- Your instructions: Below are records to write out exactly; drop the pictures when you do.

>>>>

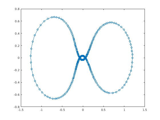 Первые два компонента решения являются координатами тела бесконечно малой массы, таким образом строение один против другого дает орбиту тела.
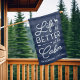 Welcome visitors to your woodsy abode or vacation home with this cute and cheerful flag featuring the phrase "life is better at the cabin in white lettering on a navy blue striped background accented with a deer and an arrow. Personalize with your family name and/or year established beneath.
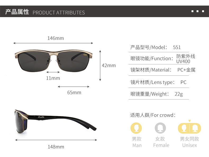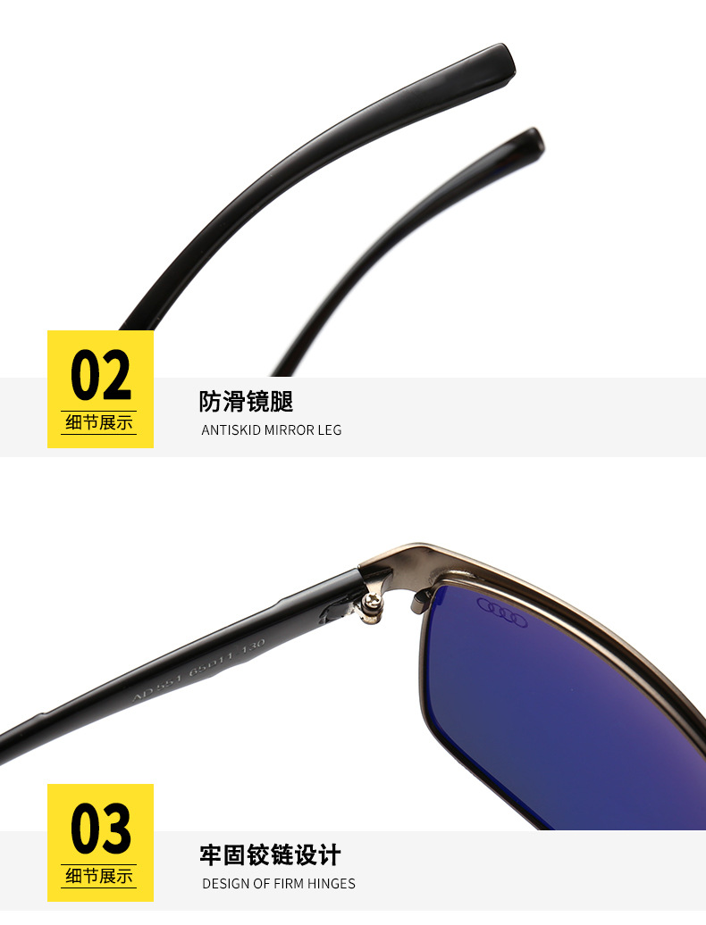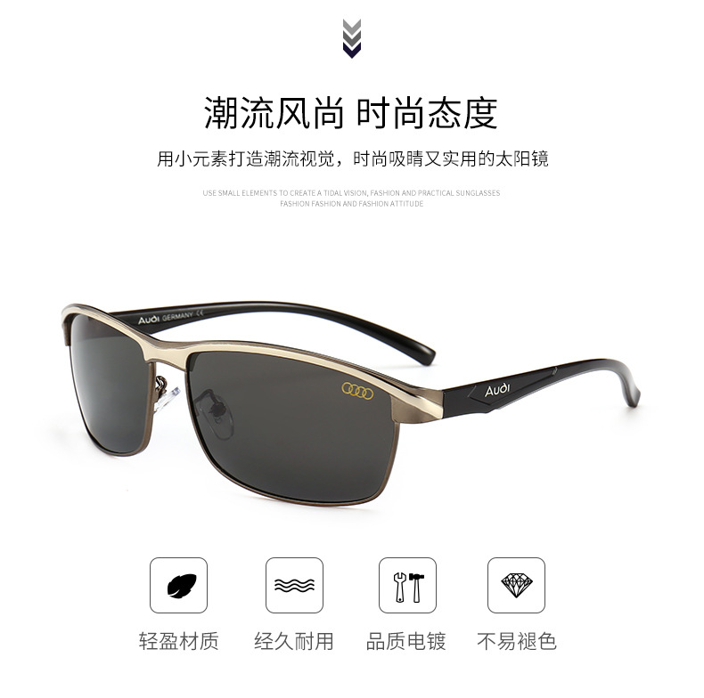 China Eyewear Factory Direct Wholesale Audi Car Brand Sunglasses Rectangle Metal Polarized Shades for Men Automotive Driving Glasses 551
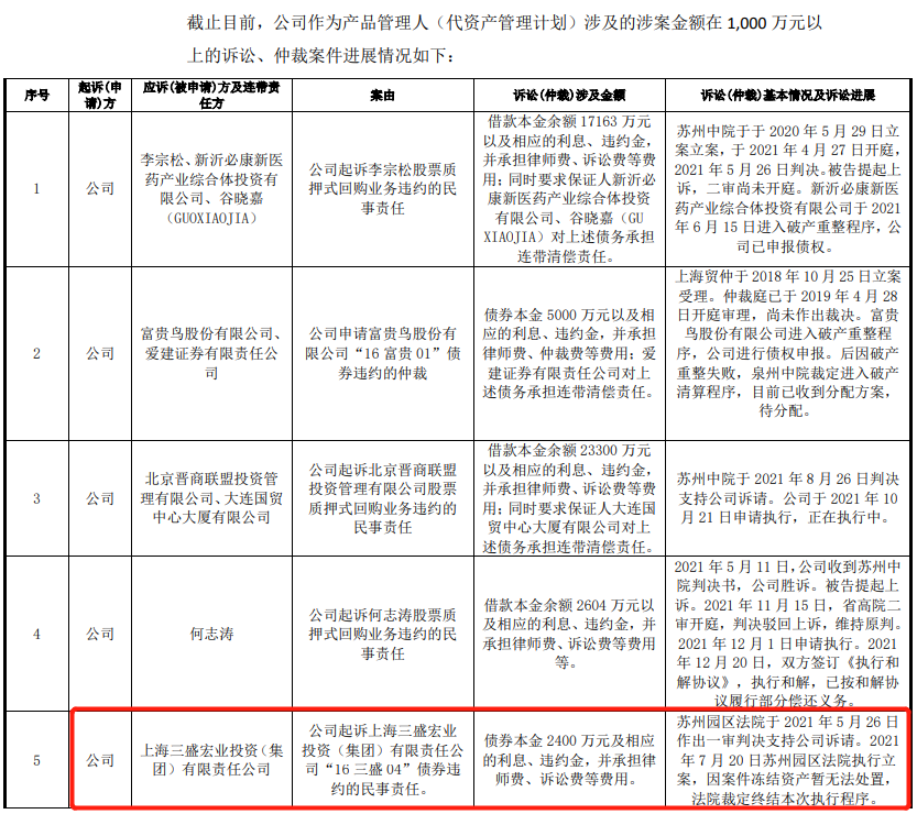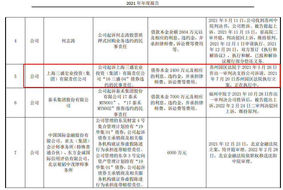 进一步查看,东吴证券2021年年报披露了“作为产品管理人(代资产管理计划)涉及的涉案金额在1,000万元以上的诉讼、仲裁案件进展情况”。在列表中出现了东吴证券起诉三盛宏业“16三盛04”债券违约案,涉诉本金为2400万元。“苏州园区法院于2021年5月26日作出一官判决支持公司诉请。2021年7月20日,苏州园区法院执行立案,正在执行中。”
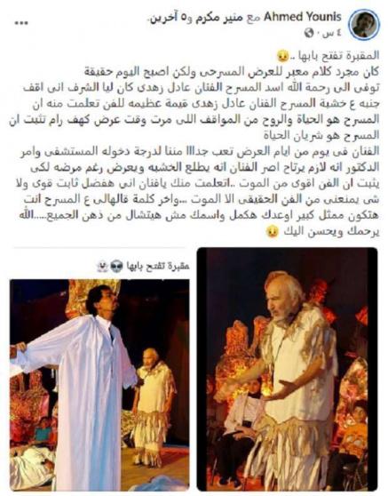 وتابع: "توفى إلى رحمة الله أسد المسرح الفنان عادل زهدي، كان ليا الشرف إني أقف جنبه على خشبة المسرح الفنان عادل زهدي قيمة عظيمه للفن تعلمت منه إن المسرح هو الحياة والروح".
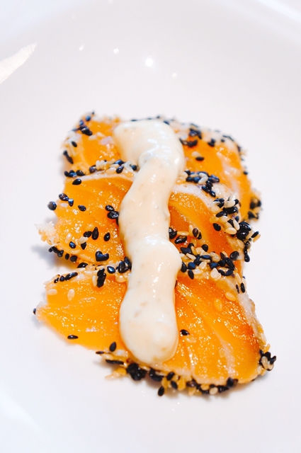 鮭魚外表有稍微炙燒,再用黑白芝麻跟蜂蜜芥末籽調配,蠻清爽的。
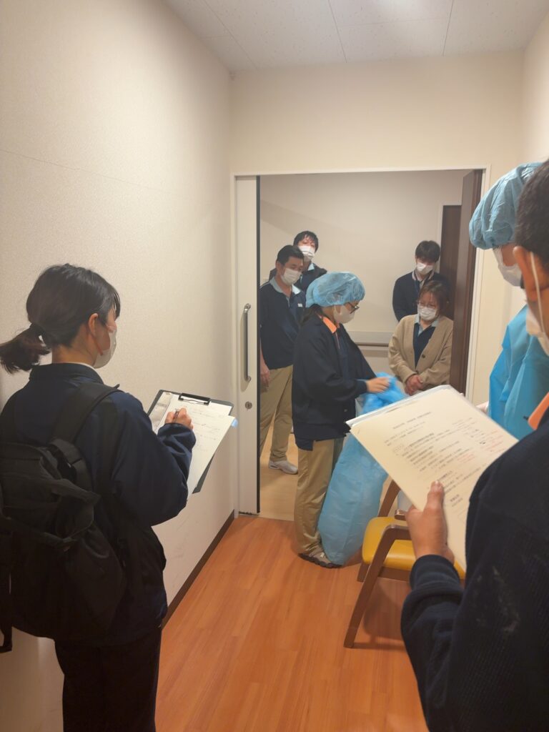 内容は、施設内にてコロナウィルスやインフルエンザ等の感染症がもし起きた場合、現在の感染症対策マニュアルで適切に対応できているのかどうか、シミュレーションを行いながら専門家に評価をしていただくこととしました。具体的には、感染症に罹患した入居様の居室へ入る時、退室する時の予防着の着脱、居室内での食事および排泄介助を実際に職員が行い、感染を広げないことを徹底できるよう復習しました。
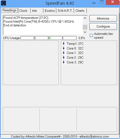 Измерил температуру процессора и материнской платы под стандартной нагрузкой (работа в браузере).

<<<<

- Finished task:
 Первые два компонента решения являются координатами тела бесконечно малой массы, таким образом строение один против другого дает орбиту тела.
 Welcome visitors to your woodsy abode or vacation home with this cute and cheerful flag featuring the phrase "life is better at the cabin in white lettering on a navy blue striped background accented with a deer and an arrow. Personalize with your family name and/or year established beneath.
 China Eyewear Factory Direct Wholesale Audi Car Brand Sunglasses Rectangle Metal Polarized Shades for Men Automotive Driving Glasses 551
 进一步查看,东吴证券2021年年报披露了“作为产品管理人(代资产管理计划)涉及的涉案金额在1,000万元以上的诉讼、仲裁案件进展情况”。在列表中出现了东吴证券起诉三盛宏业“16三盛04”债券违约案,涉诉本金为2400万元。“苏州园区法院于2021年5月26日作出一官判决支持公司诉请。2021年7月20日,苏州园区法院执行立案,正在执行中。”
 وتابع: "توفى إلى رحمة الله أسد المسرح الفنان عادل زهدي، كان ليا الشرف إني أقف جنبه على خشبة المسرح الفنان عادل زهدي قيمة عظيمه للفن تعلمت منه إن المسرح هو الحياة والروح".
 鮭魚外表有稍微炙燒,再用黑白芝麻跟蜂蜜芥末籽調配,蠻清爽的。
 内容は、施設内にてコロナウィルスやインフルエンザ等の感染症がもし起きた場合、現在の感染症対策マニュアルで適切に対応できているのかどうか、シミュレーションを行いながら専門家に評価をしていただくこととしました。具体的には、感染症に罹患した入居様の居室へ入る時、退室する時の予防着の着脱、居室内での食事および排泄介助を実際に職員が行い、感染を広げないことを徹底できるよう復習しました。
 Измерил температуру процессора и материнской платы под стандартной нагрузкой (работа в браузере).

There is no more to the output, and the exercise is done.